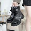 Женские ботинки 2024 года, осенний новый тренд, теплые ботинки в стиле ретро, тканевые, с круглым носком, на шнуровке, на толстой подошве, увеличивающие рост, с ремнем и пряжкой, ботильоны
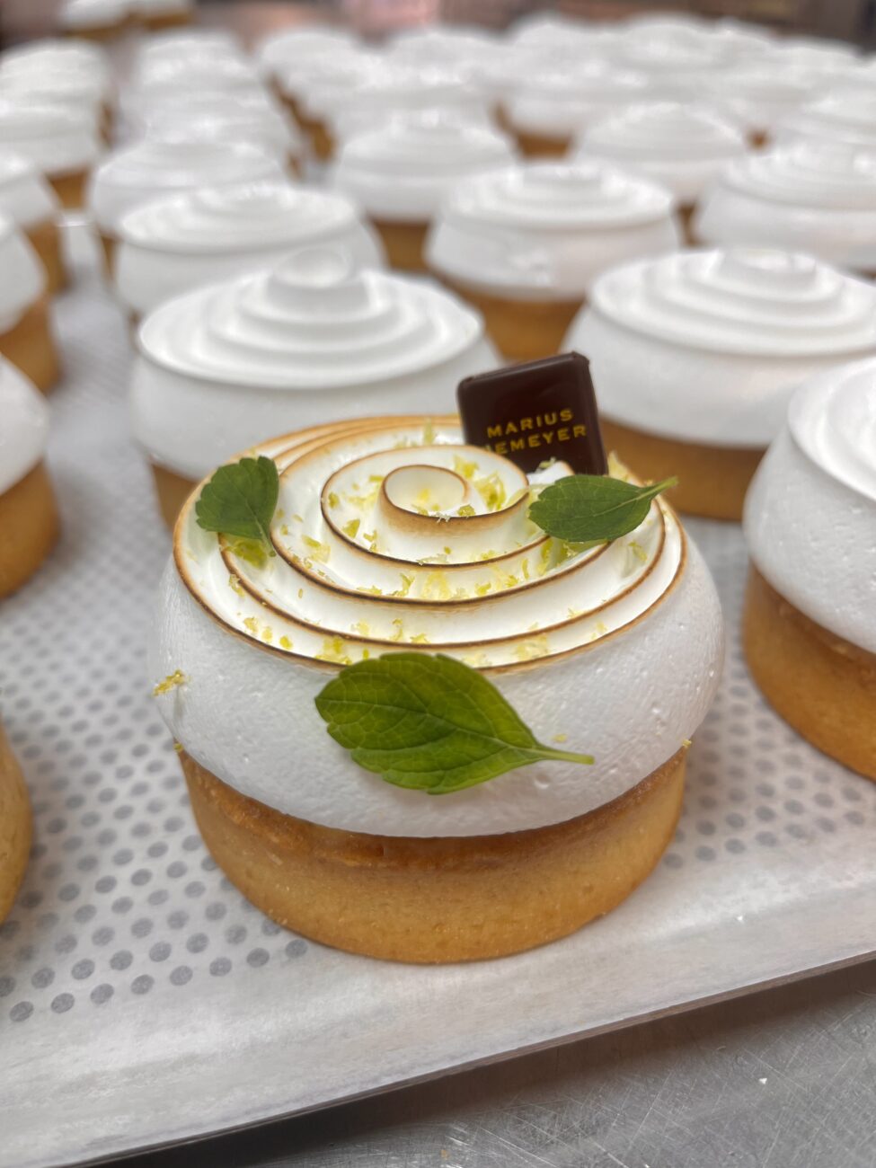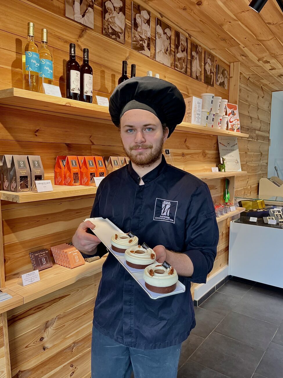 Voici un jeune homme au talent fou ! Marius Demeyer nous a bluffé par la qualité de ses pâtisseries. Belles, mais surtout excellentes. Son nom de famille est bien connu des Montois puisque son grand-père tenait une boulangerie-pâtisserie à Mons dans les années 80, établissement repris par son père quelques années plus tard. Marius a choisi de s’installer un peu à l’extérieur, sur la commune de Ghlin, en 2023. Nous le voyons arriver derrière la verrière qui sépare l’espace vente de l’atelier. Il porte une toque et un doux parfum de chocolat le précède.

* * *

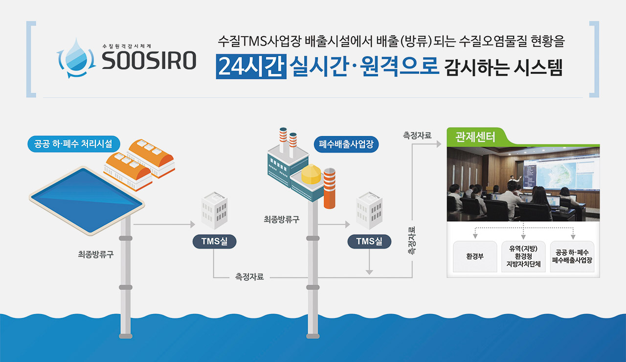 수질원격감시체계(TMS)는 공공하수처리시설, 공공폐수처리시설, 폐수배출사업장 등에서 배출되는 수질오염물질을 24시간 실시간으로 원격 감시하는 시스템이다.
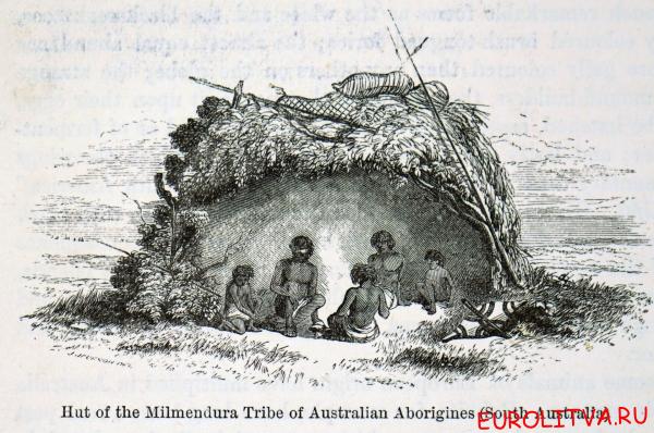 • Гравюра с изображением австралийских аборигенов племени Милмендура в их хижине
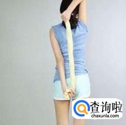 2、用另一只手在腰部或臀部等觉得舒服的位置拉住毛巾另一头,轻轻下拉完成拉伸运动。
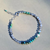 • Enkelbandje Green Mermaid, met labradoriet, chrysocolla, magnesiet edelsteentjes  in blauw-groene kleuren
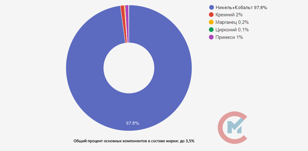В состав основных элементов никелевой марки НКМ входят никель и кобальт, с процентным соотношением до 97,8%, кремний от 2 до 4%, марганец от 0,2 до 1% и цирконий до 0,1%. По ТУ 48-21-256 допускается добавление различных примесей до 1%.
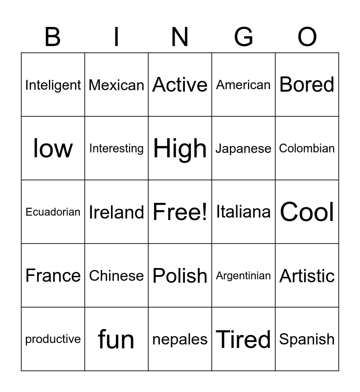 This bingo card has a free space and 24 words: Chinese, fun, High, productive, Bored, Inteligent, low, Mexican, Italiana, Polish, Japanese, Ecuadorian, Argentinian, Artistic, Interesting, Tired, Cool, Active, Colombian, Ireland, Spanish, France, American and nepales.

What this task involves >> Above are records; repeat only the lines from the line with "В состав основных" through the line with "This bingo card", and leave pictures out.

Exercise solution >>
В состав основных элементов никелевой марки НКМ входят никель и кобальт, с процентным соотношением до 97,8%, кремний от 2 до 4%, марганец от 0,2 до 1% и цирконий до 0,1%. По ТУ 48-21-256 допускается добавление различных примесей до 1%.
 This bingo card has a free space and 24 words: Chinese, fun, High, productive, Bored, Inteligent, low, Mexican, Italiana, Polish, Japanese, Ecuadorian, Argentinian, Artistic, Interesting, Tired, Cool, Active, Colombian, Ireland, Spanish, France, American and nepales.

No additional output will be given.